* **Task**:
The lines below from the one with "新疆喀什疏勒县融媒体中心阿依帕夏 图拉普采访村民小麦收割" up to and including the one with "10 概率则为 100%推广,随后创建托盘并闪烁。" are what you should set down, exactly and without pictures.
** Opening Material to process block **
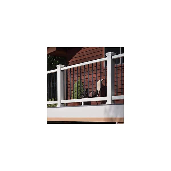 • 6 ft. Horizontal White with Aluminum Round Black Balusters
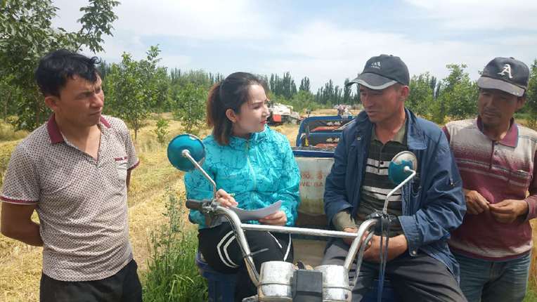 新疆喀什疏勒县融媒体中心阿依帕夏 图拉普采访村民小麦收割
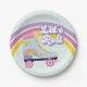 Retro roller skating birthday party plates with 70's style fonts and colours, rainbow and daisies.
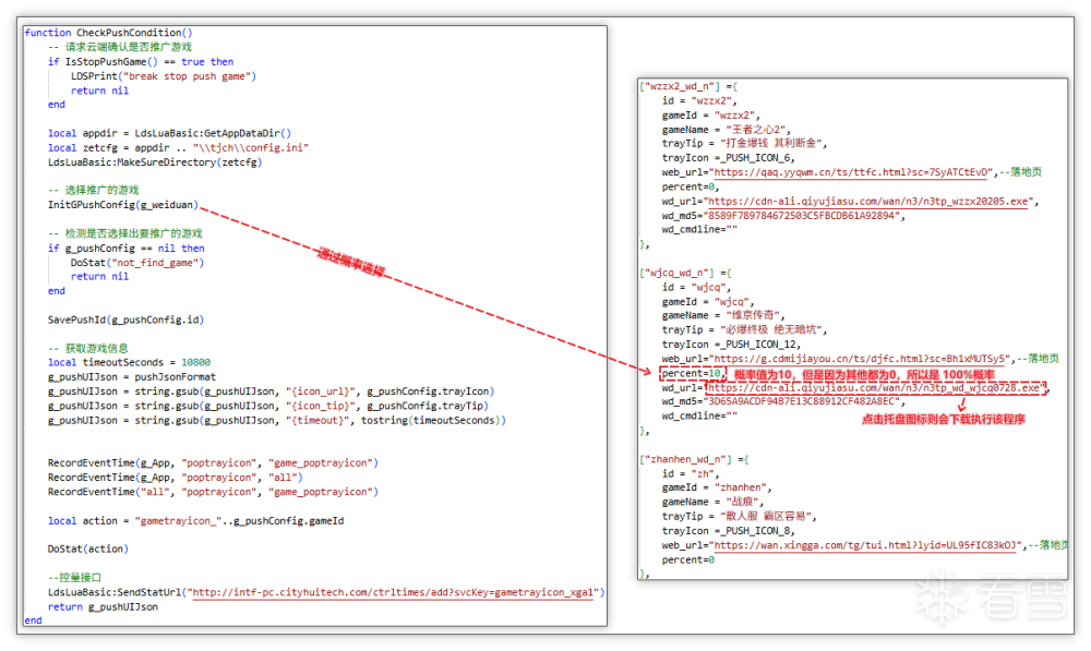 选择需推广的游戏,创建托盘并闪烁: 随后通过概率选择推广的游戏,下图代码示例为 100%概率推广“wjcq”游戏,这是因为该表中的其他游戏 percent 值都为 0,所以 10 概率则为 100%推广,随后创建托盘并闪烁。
** Closing Material to process block **
** Opening Material to process block **
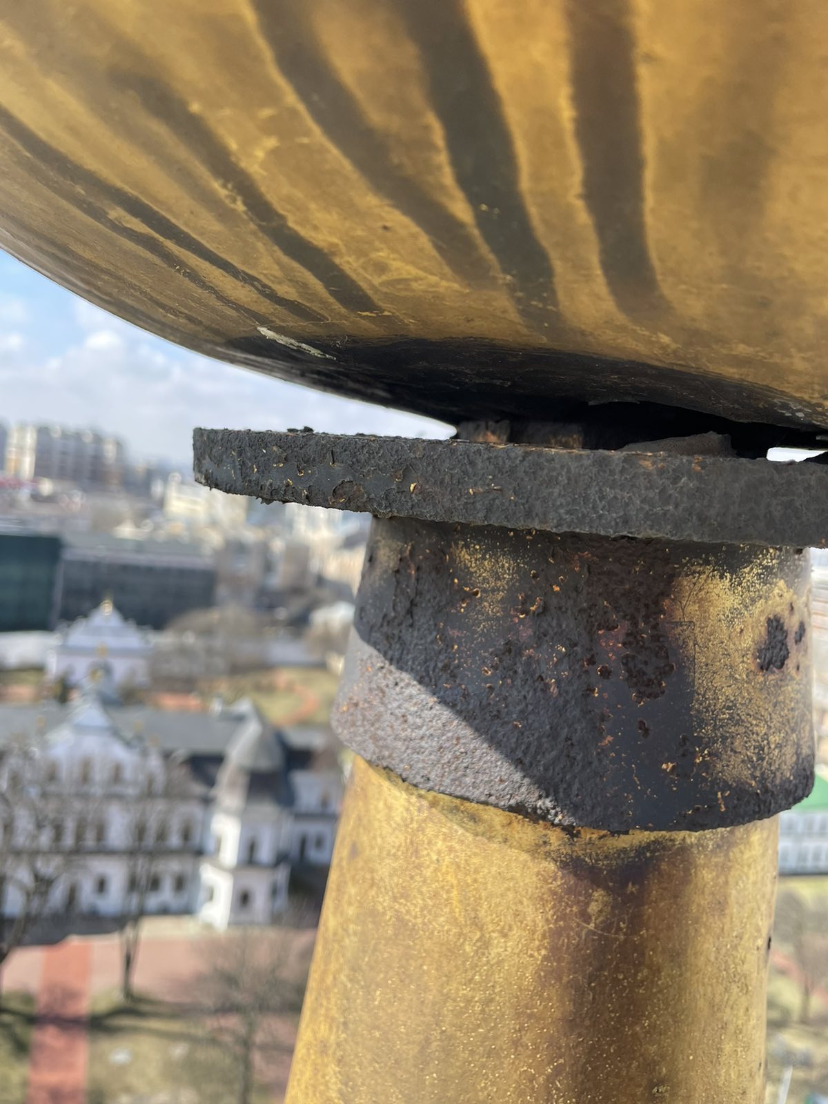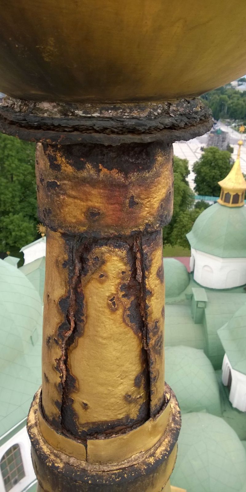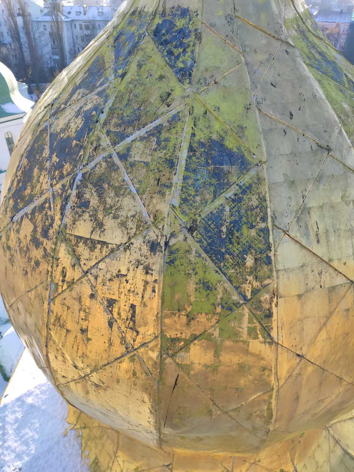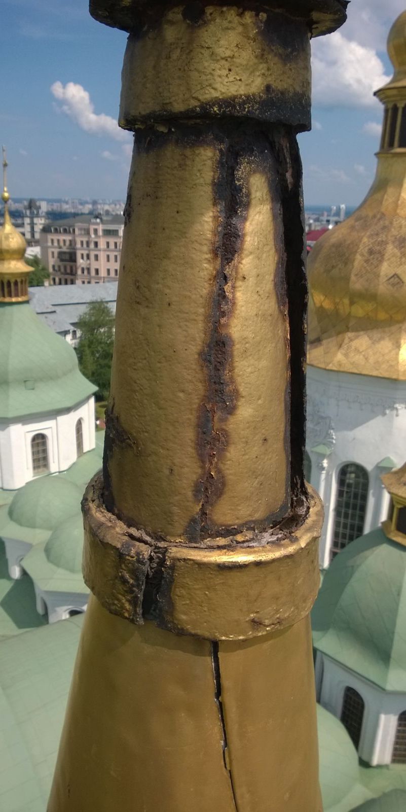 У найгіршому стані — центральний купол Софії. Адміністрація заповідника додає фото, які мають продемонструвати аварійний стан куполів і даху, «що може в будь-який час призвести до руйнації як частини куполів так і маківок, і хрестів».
** Closing Material to process block **
** Opening Material to process block **
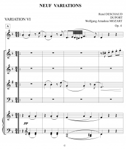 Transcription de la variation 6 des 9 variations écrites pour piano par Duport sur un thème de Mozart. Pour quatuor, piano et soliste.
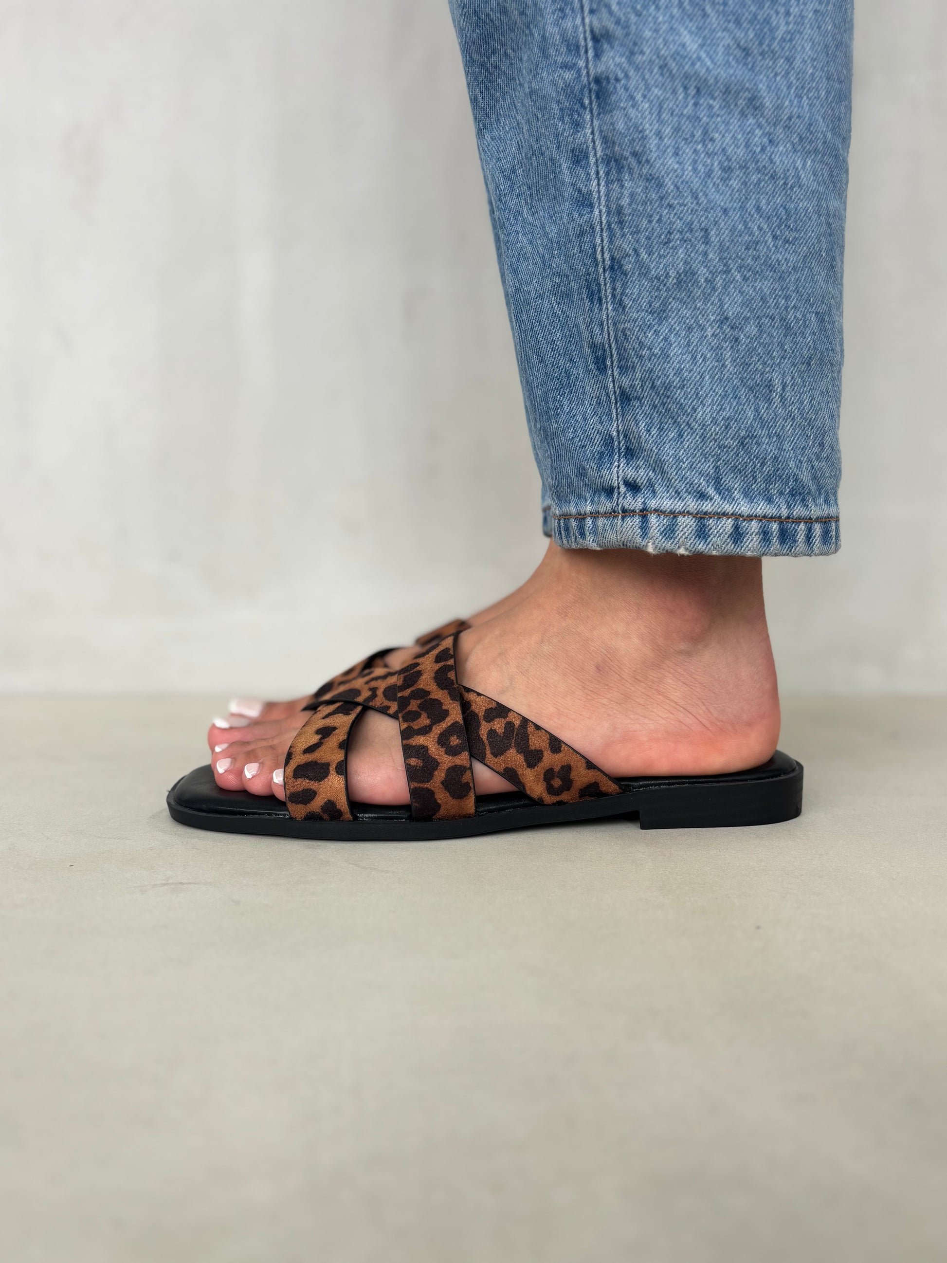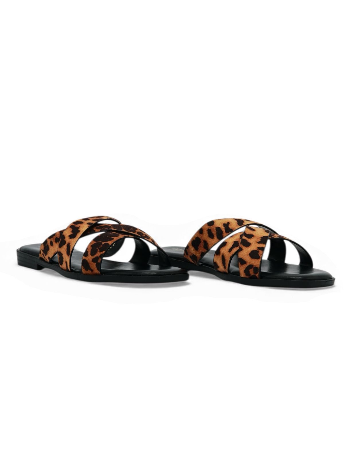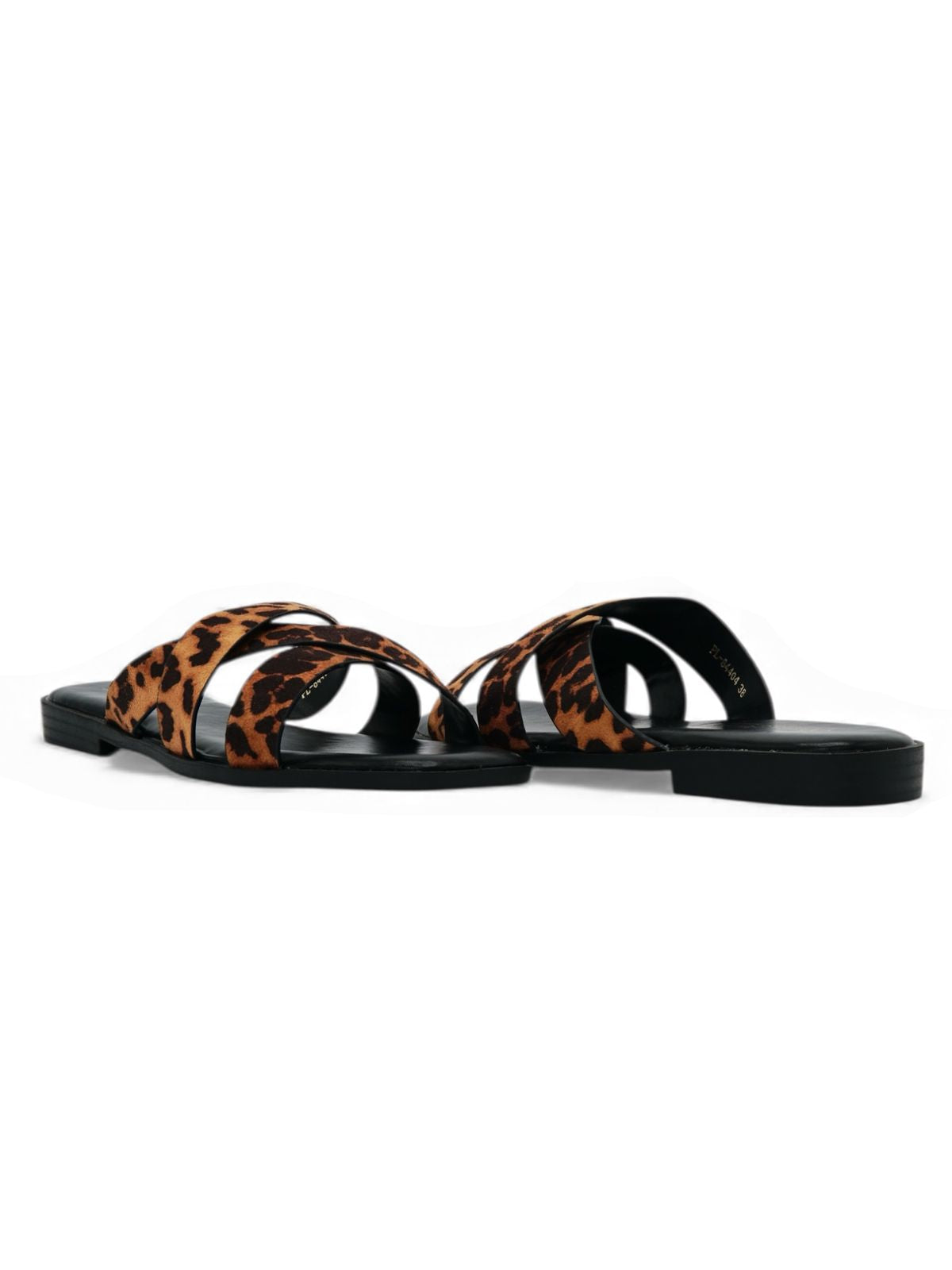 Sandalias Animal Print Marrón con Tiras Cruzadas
** Closing Material to process block **
* **Solution to this exercise**:
 新疆喀什疏勒县融媒体中心阿依帕夏 图拉普采访村民小麦收割
 Retro roller skating birthday party plates with 70's style fonts and colours, rainbow and daisies.
 选择需推广的游戏,创建托盘并闪烁: 随后通过概率选择推广的游戏,下图代码示例为 100%概率推广“wjcq”游戏,这是因为该表中的其他游戏 percent 值都为 0,所以 10 概率则为 100%推广,随后创建托盘并闪烁。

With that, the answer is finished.